Non-violent communication: non-violent communication (geweldloze communicatie) is een communicatiemethode die zich richt op empathie en effectieve gespreksvoering zonder geweld. De methode omvat vier componenten: waarneming zonder oordeel, het benoemen van gevoelens, het identificeren van behoeften en het formuleren van concrete verzoeken.
Metamour: een partner/geliefde van je partner. Een persoon met wie je zelf geen romantische relatie hebt.
Nesting partner: een partner waarmee je samenwoont. De relatie wordt vaak gekenmerkt door gedeelde verantwoordelijkheden, zoals huisvesting en financiën.
Radical honesty: een manier van communiceren waarbij je oprecht, echt en alles inbrengt wat je denkt, opmerkt en ervaart. Met het doel dat het uiteindelijk leidt naar diepere en echte verbinding.
Regels: Regels zijn afspraken die je samen maakt. Naast praktische regels, kunnen ze de functie hebben om een tijdelijke container te bieden van veiligheid binnen de relatie. In de praktijk merk je vaak dat er harde/gesloten en zachte/open grenzen en regels zijn – dat is iets wat ik met mijn cliënten bespreek en help onderzoeken. In de praktijk zie je dat deze vaak in de loop van de tijd wat losser en minder rigide worden bij het open van een relatie.
Relatiecontract: een relatiecontract is een expliciete overeenkomst tussen partners over de verwachtingen, grenzen en regels van hun relatie.
Rites of passage: (‘overgangsrituelen’) zijn belangrijke gebeurtenissen in een relatie (zoals de eerste keer samen slapen, de eerste keer seks of de eerste vakantie). Deze gebeurtenis markeert een nieuwe vorm van intimiteit binnen de relatie.
Seksuele exclusiviteit: seksuele exclusiviteit verwijst naar het exclusief delen van seksuele activiteiten met één partner.
Trigger: een trigger is een stimulus die sterke emoties of reacties kan oproepen vanwege een associatie met een vroegere ervaring, vaak is deze negatief of traumatisch. Een trigger kan bijvoorbeeld een woord, een beeld of een gebeurtenis zijn.
Vormen van intimiteit: de verschillende manieren waarop mensen verbindingen met elkaar aangaan. Je hebt bijvoorbeeld emotionele, fysieke, intellectuele, psychologische, sociale en spirituele intimiteit.
Wheel of consent: the Wheel of consent is een model waarmee je kunt werken om grenzen en verlangens binnen een intieme of seksuele relatie te onderzoeken. Het benadrukt vier kernrollen: geven, ontvangen, nemen en toestaan.
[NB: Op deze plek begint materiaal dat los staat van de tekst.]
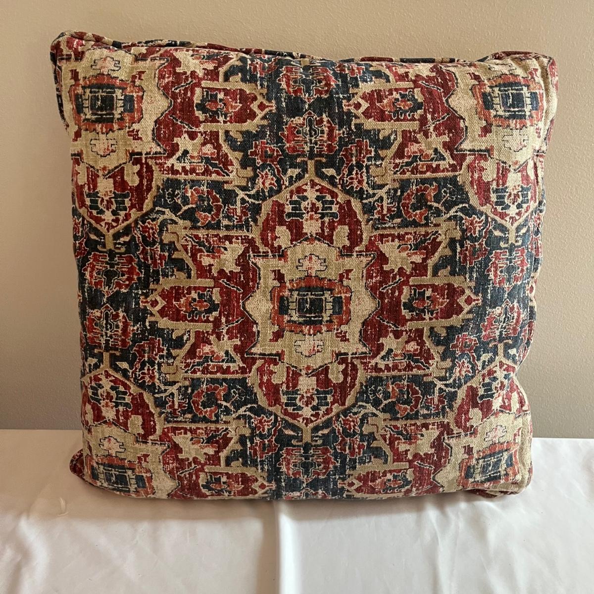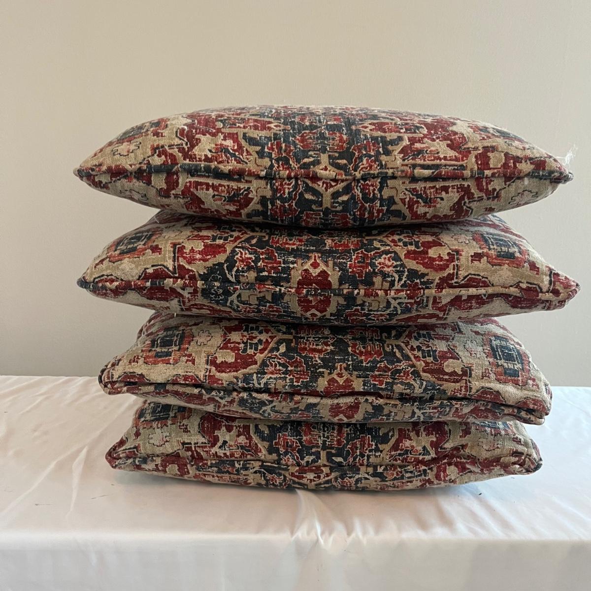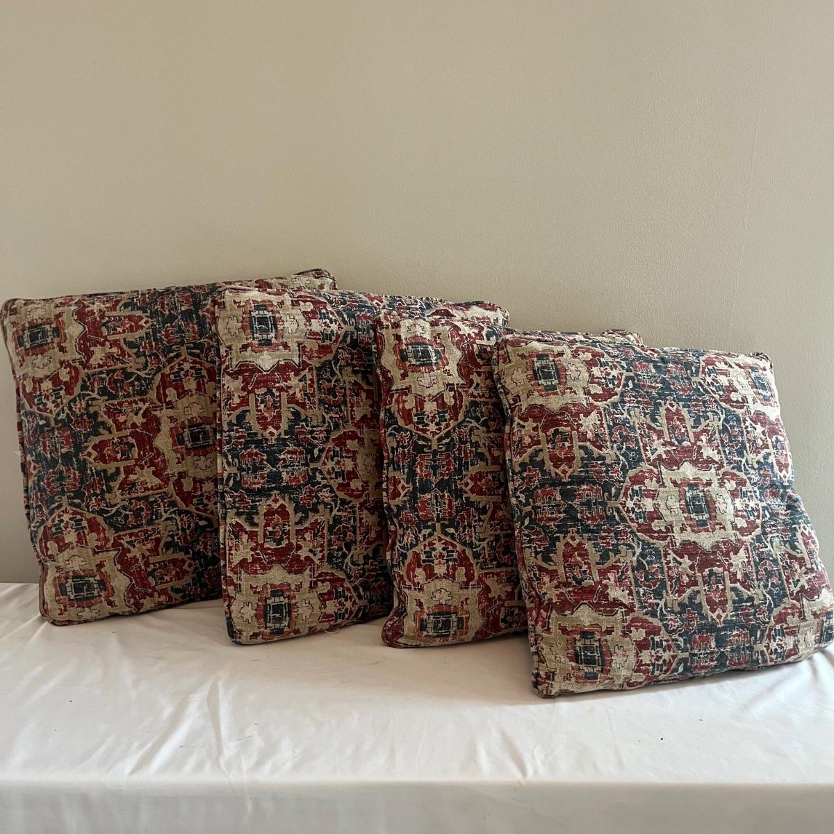 Lot includes four 18” x 18” matching accent pillows in red, blue and cream colors with removable fabric covers. Pillows are in good condition with no rips or stains.

Deze rollen laten je nadenken over hoe toestemming werkt en hoe grenzen en wensen gecommuniceerd kunnen worden.
Zelfcompassie: het vermogen om mild en begripvol voor jezelf te zijn… zelfs in uitdagende situaties of op momenten dat je jezelf niet van de mooiste kant laat zien.
Zelf differentiatie: het vermogen om een individueel zelfbeeld te behouden in een relatie, zonder volledig op te gaan in de identiteit van de ander. Als je zelf-gedifferentieerd bent, kan je handelen uit eigen waarden en kan je goed bij jezelf blijven.
Zelfregulatie (in relaties): zelfregulatie betekent dat iemand zelfbewust is, eigen grenzen kent en in staat is om eigen emoties en behoeften te beheersen, zonder volledig afhankelijk te zijn van een partner. Het draait om zelfstandigheid, communicatie en het nemen van verantwoordelijkheid voor het eigen welzijn binnen relaties.